G. Como tal, a dimensão normativa interpretada e aplicada no acórdão recorrido comporta, em face do texto do artigo 310.º, n.º 1, do CPP – em que supostamente se baseia –, uma manifesta violação do princípio da legalidade em matéria penal, na sua dimensão com incidência processual, pois amplia contra reum (e sem respaldo na letra ou no espírito da norma em causa) o âmbito de aplicação de uma norma excecional e desfavorável ao (porque restritiva de direitos do) arguido.

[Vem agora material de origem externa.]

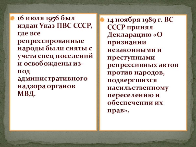 14 ноября 1989 г. ВС СССР принял Декларацию «О признании незаконными и преступными репрессивных актов против народов, подвергшихся насильственному переселению и обеспечении их прав».
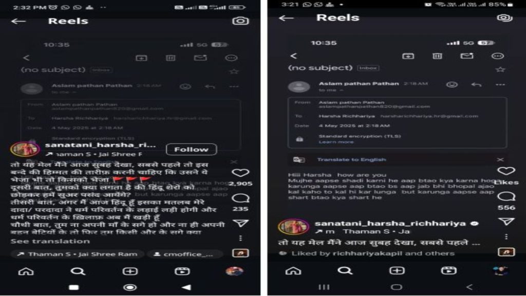 राकेश चतुर्वेदी, भोपाल। कुंभ मेले में बतौर साध्वी फेमस हुई और चर्चित को मुस्लिम युवक के द्वारा शादी का प्रस्ताव देने का मामला सामने आया है। सोशल मीडिया इनफ्लुएंसर हर्षा रिछारिया को मुस्लिम युवक असलम पठान ने मेल कर शादी का प्रस्ताव दिया है।
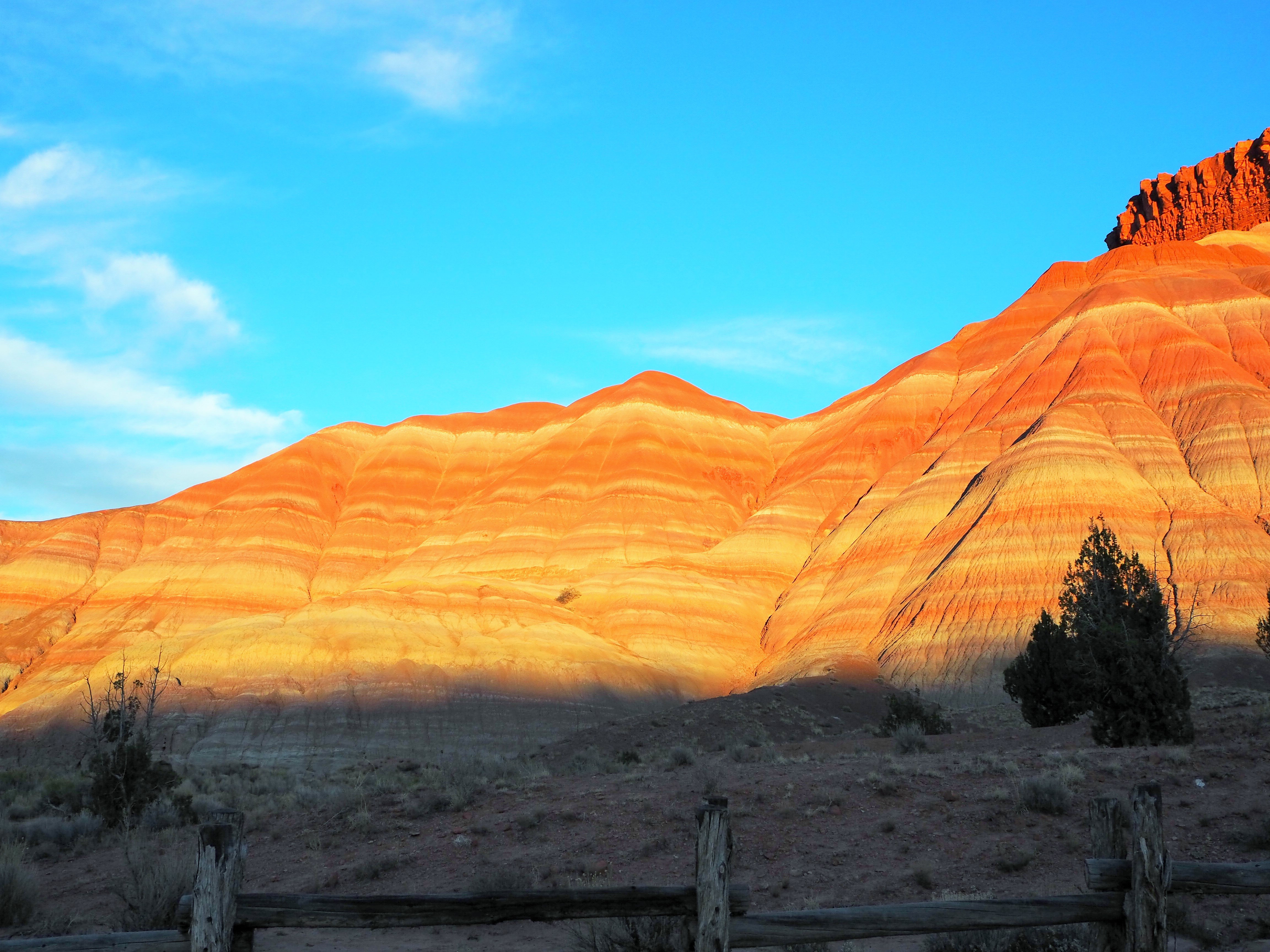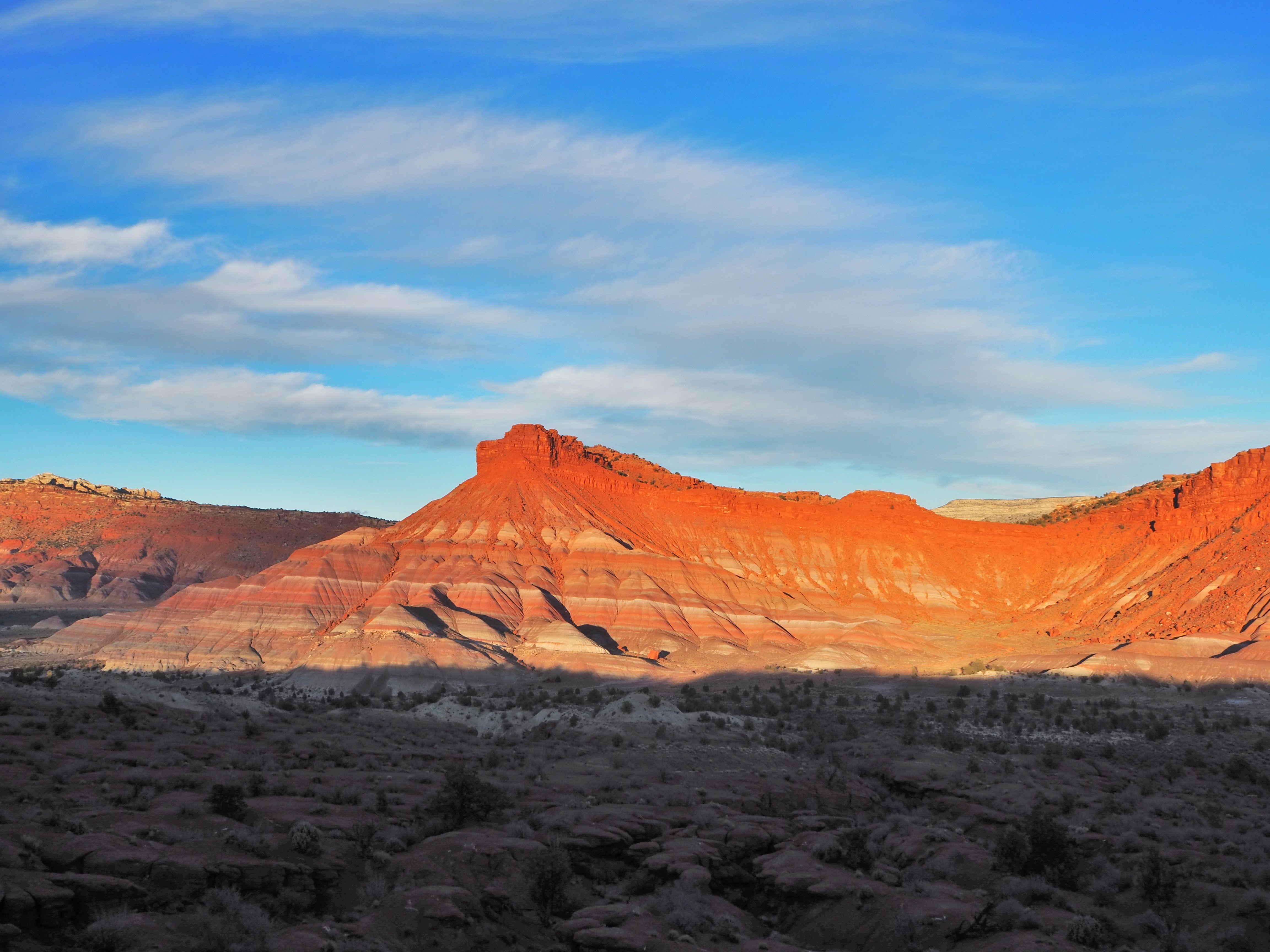 Brett took us on a detour on our way back and we skirted the southern end of South Coyote Buttes. Then we were back on House Rock Valley Rd. driving toward US 89. The Paria River Valley is most spectacular for the banded hills which line the river valley. Part of the Chinle Formation, the hills are brilliantly colored in green, purple, red, and white. The Pahreah ghost town barely exists while the movie set which used to attract tourists was burned by arsonists in 2006. It’s a stunning area, although we were there at the wrong time of day for any decent photographs.
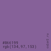 Цвет #866199 в цветовой модели RGB обозначается тремя октетами (134, 97, 153) в десятичном формате и #866199 в шестнадцатиричном (hex) формате, которые являются интенсивностью красного 134 (hex 86), интенсивность зелёного 97 (hex 61) и интенсивность синего 153 (hex 99).
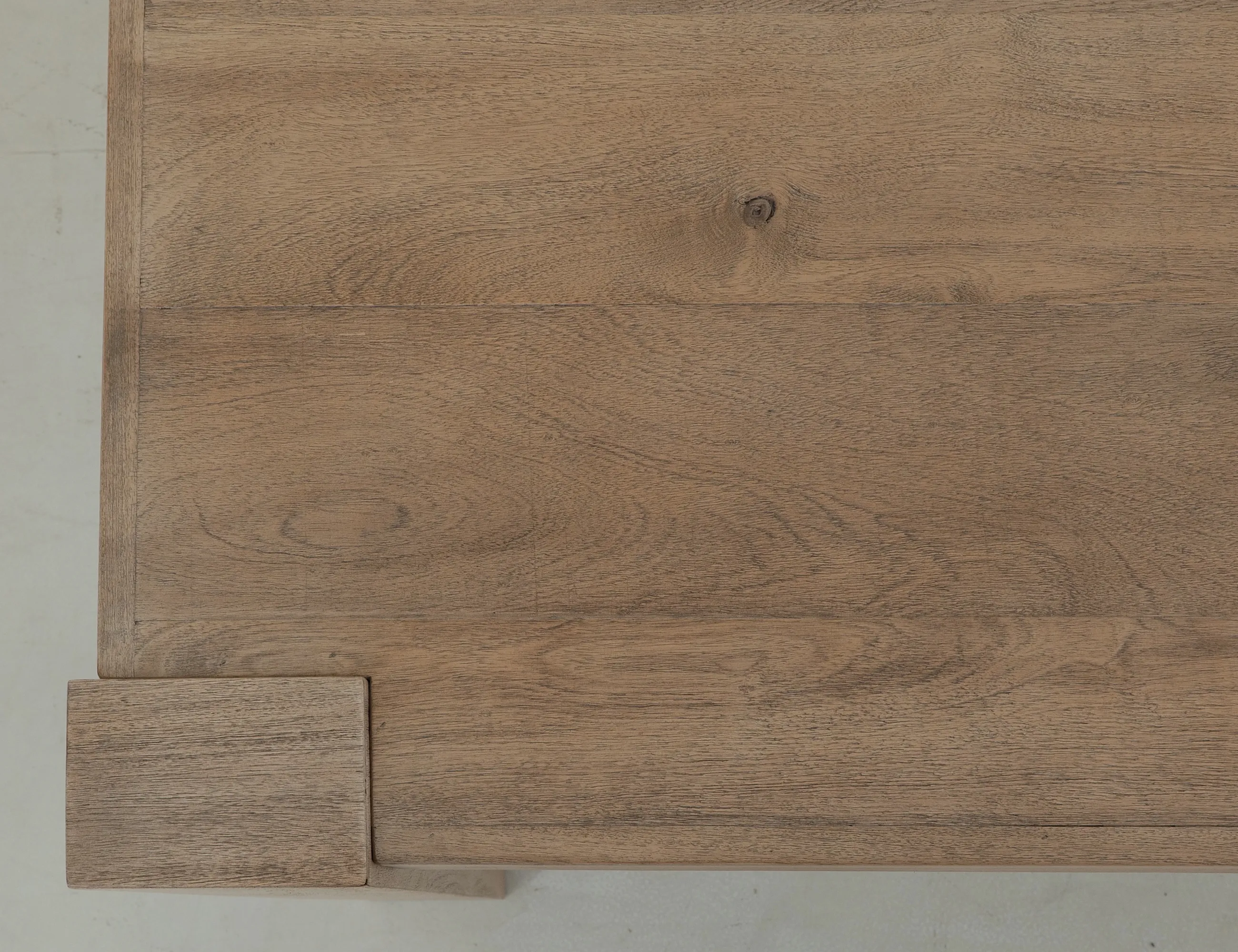 - Multi-step lacquer finish in a sand brown showcases a seamless wood texture.
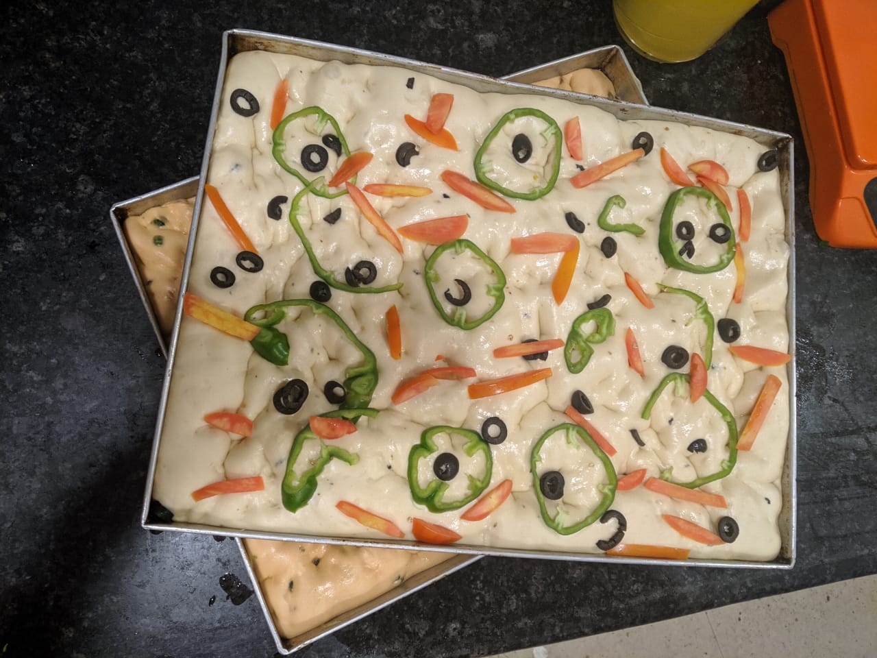 Ingredients:- Flour , olive oil , Yeast , salt, Gluten, Improver, starter, water , Rosemary, olives slice.
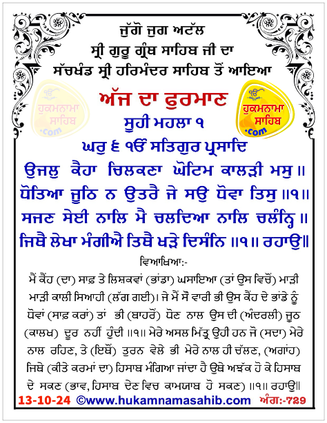 Amrit Wele Da Hukamnama Sachkhand Sri Harmandir Sahib AmritsarAng 729, 13-10-2024
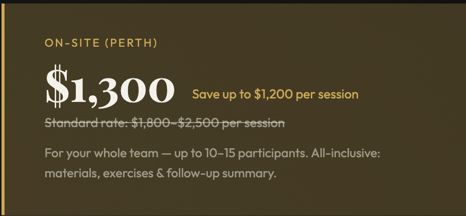 Be among the first Perth-based teams to experience AZ Leadership Advisory's customised corporate training at a reduced pilot rate. In exchange, we ask for your honest feedback and an optional testimonial.
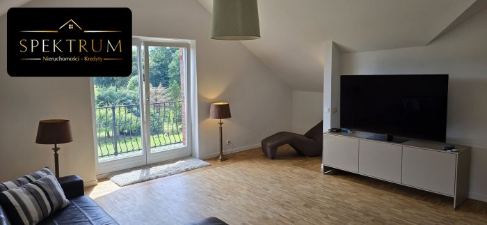 duży pokój telewizyjny z  wyjściem na przestronny balkon z panoramicznym widokiem,

H. A norma do artigo 310.º, n.º 1, do CPP, interpretada e aplicada no sentido da irrecorribilidade de um despacho que aprecie questão prévia suscitada perante o tribunal, em momento anterior ao (e não constante do) despacho instrutório, viola ainda o princípio da legalidade da restrição de direitos, liberdades e garantias, na sua específica dimensão de reserva de lei, consagrado nos artigos 18.º, n.º 2 e 3, 20.º, n.º 1, 32.º, n.ºs 1 e 2, e 165.º, n.º l, alíneas b) e c), da Constituição, na medida em que restringe direitos fundamentais, como o direito ao recurso, sem respeitar a reserva de lei, redundando assim em norma materialmente inconstitucional.

[…]

III. O princípio da presunção de inocência

J. Ao considerar irrecorríveis, com base no artigo 310.º, n.º 1, do CPP, despachos que apreciem e decidam questões prévias suscitadas na fase de instrução em processo penal, em momento anterior ao despacho instrutório, e portanto num momento cm que ainda não existe decisão instrutória (desconhecendo-se, por conseguinte, se a mesma, a final, será de pronúncia ou de não pronúncia), o acórdão recorrido acolhe dimensão normativa que viola também o princípio constitucional da presunção de inocência, consagrado no artigo 32.º, n.º 2, da Constituição.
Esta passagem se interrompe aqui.